*Task*. Copy nothing but the lines from the one containing "La Ciambella cioccolato" through the last line of the entries below, exactly as written and without pictures.

(Items listed in a dataset)
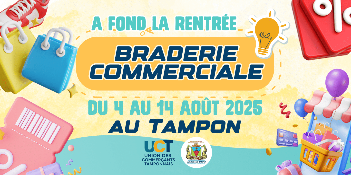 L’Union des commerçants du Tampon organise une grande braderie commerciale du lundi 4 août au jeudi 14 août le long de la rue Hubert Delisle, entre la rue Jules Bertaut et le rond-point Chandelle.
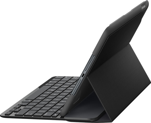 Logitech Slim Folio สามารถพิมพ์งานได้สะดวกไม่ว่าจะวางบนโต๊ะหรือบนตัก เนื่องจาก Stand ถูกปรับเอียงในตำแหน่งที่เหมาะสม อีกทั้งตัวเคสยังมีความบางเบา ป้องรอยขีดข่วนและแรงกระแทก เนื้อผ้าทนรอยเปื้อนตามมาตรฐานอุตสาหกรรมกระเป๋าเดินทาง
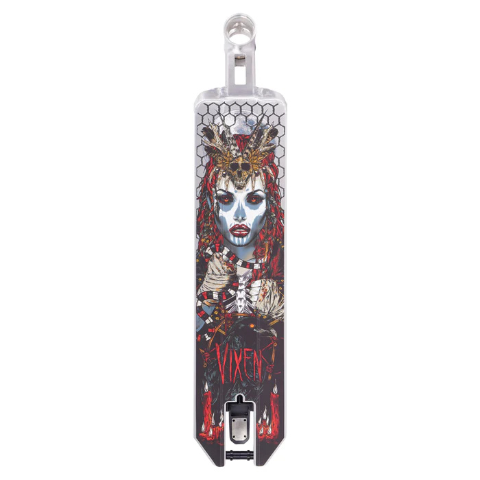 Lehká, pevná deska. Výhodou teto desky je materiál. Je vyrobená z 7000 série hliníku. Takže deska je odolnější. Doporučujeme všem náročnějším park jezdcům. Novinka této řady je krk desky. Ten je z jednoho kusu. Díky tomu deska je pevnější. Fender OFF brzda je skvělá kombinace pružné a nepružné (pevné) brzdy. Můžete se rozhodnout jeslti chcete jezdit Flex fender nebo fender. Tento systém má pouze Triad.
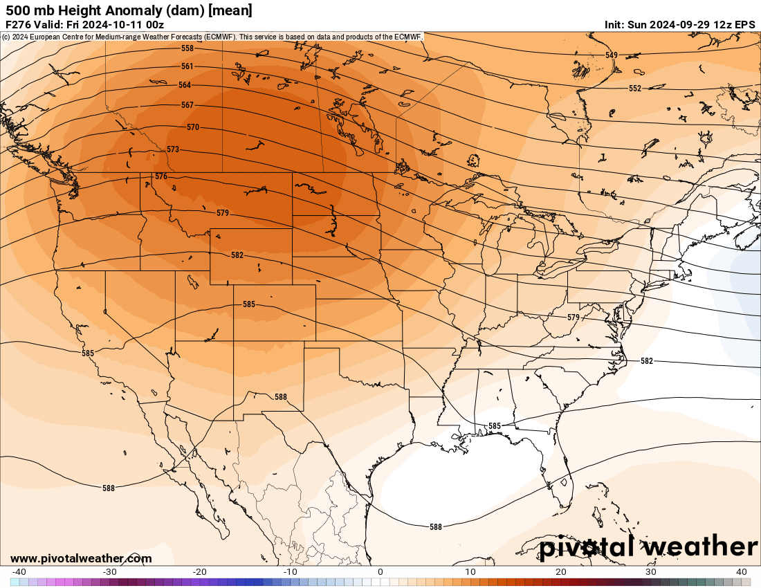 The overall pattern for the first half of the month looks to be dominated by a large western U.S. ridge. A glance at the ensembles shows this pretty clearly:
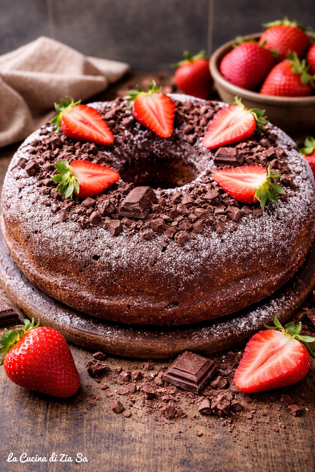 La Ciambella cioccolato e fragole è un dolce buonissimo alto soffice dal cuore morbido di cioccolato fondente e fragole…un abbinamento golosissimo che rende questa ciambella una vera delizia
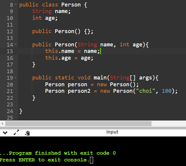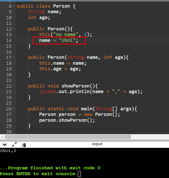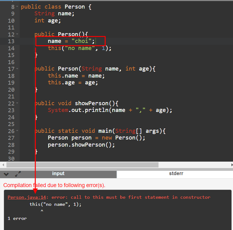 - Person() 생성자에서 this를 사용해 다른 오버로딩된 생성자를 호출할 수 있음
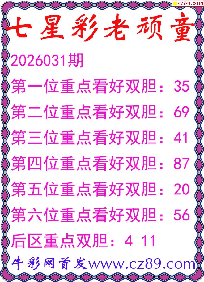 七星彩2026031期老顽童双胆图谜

*Result of this task*.
 La Ciambella cioccolato e fragole è un dolce buonissimo alto soffice dal cuore morbido di cioccolato fondente e fragole…un abbinamento golosissimo che rende questa ciambella una vera delizia
 - Person() 생성자에서 this를 사용해 다른 오버로딩된 생성자를 호출할 수 있음
 七星彩2026031期老顽童双胆图谜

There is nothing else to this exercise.